Follow a CME as it passes Venus then Earth, and explore how the Sun drives Earth's winds and oceans

CMEs typically reach Earth one to five days after leaving the Sun. The strongest deceleration or acceleration occurs close to the Sun, but it can continue even beyond Earth orbit (1 AU), which was observed using measurements at Mars and by the Ulysses spacecraft. ICMEs faster than about 500 km/s eventually drive a shock wave. This happens when the speed of the ICME in the frame of reference moving with the solar wind is faster than the local fast magnetosonic speed. Such shocks have been observed directly by coronagraphs in the corona, and are related to type II radio bursts. They are thought to form sometimes as low as (solar radii). They are also closely linked with the acceleration of solar energetic particles.
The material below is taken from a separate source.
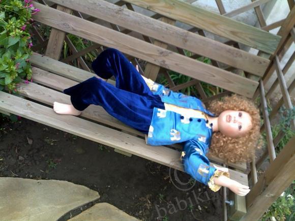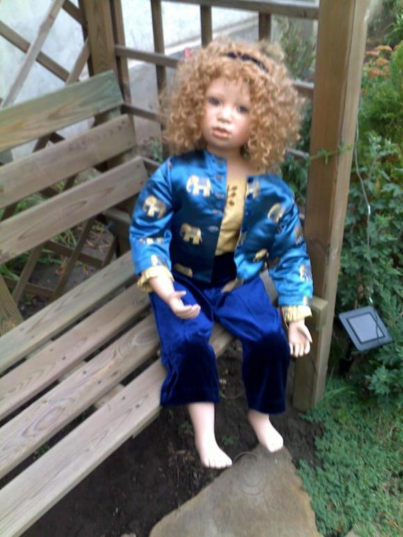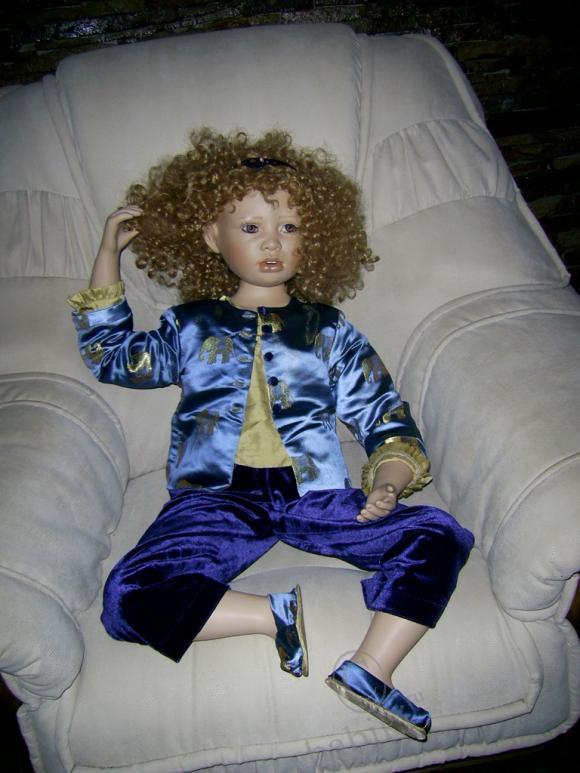 Танюшенька, как я рада твоему возвращению Ты не ошиблась, костюм определённо с этническим уклоном — шёлковый с рисунком в виде слоников, характерными пуговками… Это я обожаю у Оранж — так тщательно продумывает образы!!! Причём мне с ними совершенно не хочется спорить или менять (как у кукол Химштедт, её образы я не чувствую — хоть кукол считаю великолепными), я их принимаю сразу же безоговорочно!!!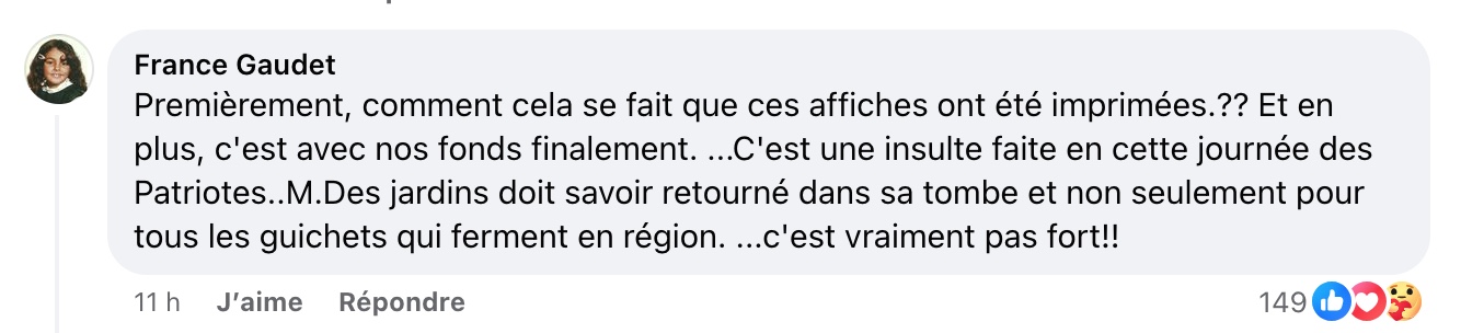 Paul St-Pierre Plamondon a demandé des explications:En attendant que Desjardins s’explique sur cette affiche invraisemblable du jour des patriotes avec le drapeau canadien dans au moins trois de ses succursales, j’aurais la question suivante pour @DesjardinsCoop: en comptant le département de marketing, le département de graphisme, et tous les employés des succursales qui ont mis en place ces affiches, combien d’employés au total chez Desjardins ont conçu, vu, utilisé ou installé ces affiches pour le jour des patriotes en ayant aucune notion historique sur le Québec ni aucune idée qu’il y a quelque chose qui cloche ?

As ICMEs propagate through the interplanetary medium, they may collide with other ICMEs in what is referred to as CME–CME interaction or CME cannibalism.

During such CME-CME interactions, the first CME may clear the way for the second one, a process called "preconditioning", and/or when two CMEs collide it can lead to more severe impacts on Earth. Historical records show that the most extreme space weather events involved multiple successive CMEs. For example, the famous Carrington event in 1859 had several eruptions and caused auroras to be visible at low latitudes for four nights. Similarly, the solar storm of September 1770 lasted for nearly nine days, and caused repeated low-latitude auroras. The interaction between two moderate CMEs between the Sun and Earth can create extreme conditions on Earth. Recent studies have shown that the magnetic structure in particular its chirality/handedness, of a CME can greatly affect how it interacts with Earth's magnetic field. This interaction can result in the conservation or loss of magnetic flux, particularly its southward magnetic field component, through magnetic reconnection with the interplanetary magnetic field.

===Morphology===

In the solar wind, CMEs manifest as magnetic clouds. They have been defined as regions of enhanced magnetic field strength, smooth rotation of the magnetic field vector, and low proton temperature. The association between CMEs and magnetic clouds was made by Burlaga et al. in 1982 when a magnetic cloud was observed by Helios-1 two days after being observed by the Solar Maximum Mission (SMM). However, because observations near Earth are usually done by a single spacecraft, many CMEs are not seen as being associated with magnetic clouds. The typical structure observed for a fast CME by a satellite such as the Advanced Composition Explorer (ACE) is a fast-mode shock wave followed by a dense (and hot) sheath of plasma (the downstream region of the shock) and a magnetic cloud. CMEs may contain mirror-mode structures which are dominated by magnetic holes.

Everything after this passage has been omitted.